I have to go against the grain, but I do not disagree with anyone. 
It is just my experience I'd like to share. I started out with percentages and had more buyers who asked for FB boer, so changed to all FB boer.
Make sure what is best for your area and preference of the buyer. 

We do not do 4h for the simple fact, we do not cut horns or dehorn our boer at all, so that doesn't work for us. 
We also had a very bossy, pushy customer, demanding we disbud and do this and that, before she even put any money down, that turned us off immediately, so for us, we rather not even deal with it, so we don't. It is up to you of course, what you want to do, but thought I'd share.
With whethers, kids get so attached to the goat they raise, it is can be devastating for the kids when they are sold and have to let them go.

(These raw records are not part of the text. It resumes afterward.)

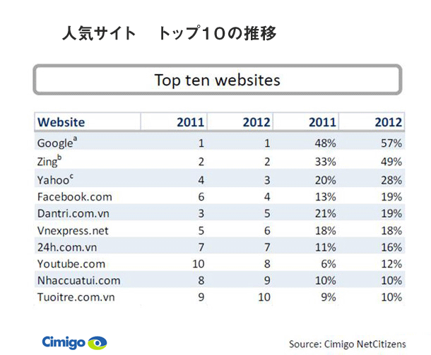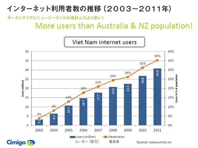 ベトナムのインターネット利用者数は、2011年現在3000万人を超え、オーストラリアとニュージーランドの総人口よりも多い。普及率は35%。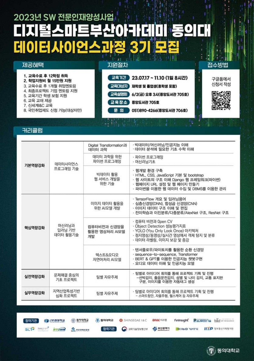 데이터사이언스 프로그래밍 기술, 머신러닝과 딥러닝 기반 데이터 활용기술, 문제해결중심의 기초 프로젝트 (문의:051-890-4266)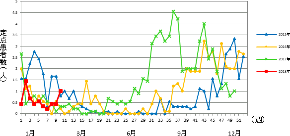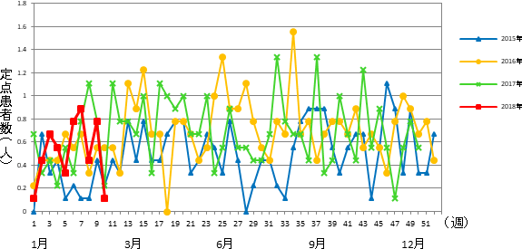 平成30年 第10週 / 5類感染症 定点医療機関週報報告の対象疾患の報告数の推移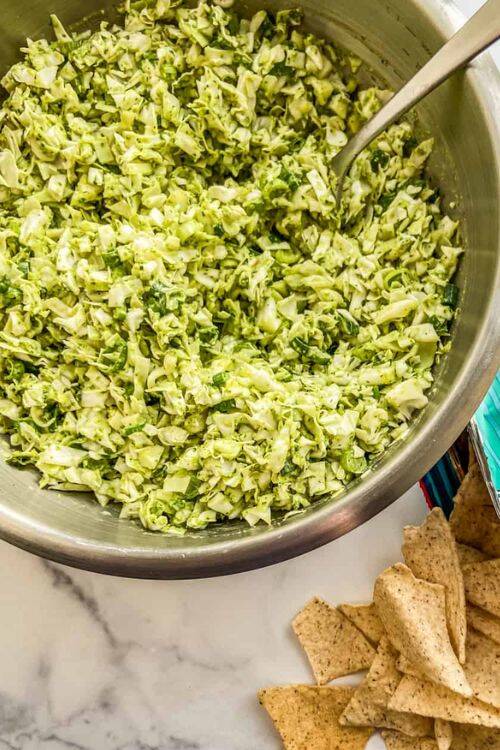 The ingredients include green cabbage, celery, mayonnaise, apple cider vinegar, purple cabbage and black pepper.

I always want my foundation stock to be registered, as you can sell quality registered goats or sell as unregistered, the options will always be there. 
There is nothing like having a beautiful animal and you can not register that animal as you drool, just looking at him or her.


----------



## Brittany89 (Aug 12, 2014)

Here is another picture of Dixie taken today. She was 5 months on the 24th of this month. I wanted to get more but my two year old helper wasn't too into it haha Hopefully better ones this evening if weather allows! I *tried* to get a weight on her, looked to be around 65-70lbs. I feel as if she should be a little bit more for her age. Thoughts on this picture? Thank you!


----------



## OGYC_Laura (Jan 9, 2014)

I have some about that age and about that size... I was told they were slow growers and will catch up.. She is beautiful 


Old Goats & Young Chicks Farm
Boer and Boer Cross


----------



## SalteyLove (Jun 18, 2011)

Jessica84 said:


> Now one thing to keep in mind a buck must be 97% (???) To register him, and there are other people who think like you, I'm one of them, who will only buy 100% bucks.


Hi-jacking (as usual!)

How come Jessica??

Just curious on the 97/98% bucks versus the 100% - why does it make a difference to people? Because another breed could have possible, at some point, made it in to the line?


----------



## SalteyLove (Jun 18, 2011)

Brittany89 said:


> Here is another picture of Dixie taken today. She was 5 months on the 24th of this month. I wanted to get more but my two year old helper wasn't too into it haha Hopefully better ones this evening if weather allows! I *tried* to get a weight on her, looked to be around 65-70lbs. I feel as if she should be a little bit more for her age. Thoughts on this picture? Thank you!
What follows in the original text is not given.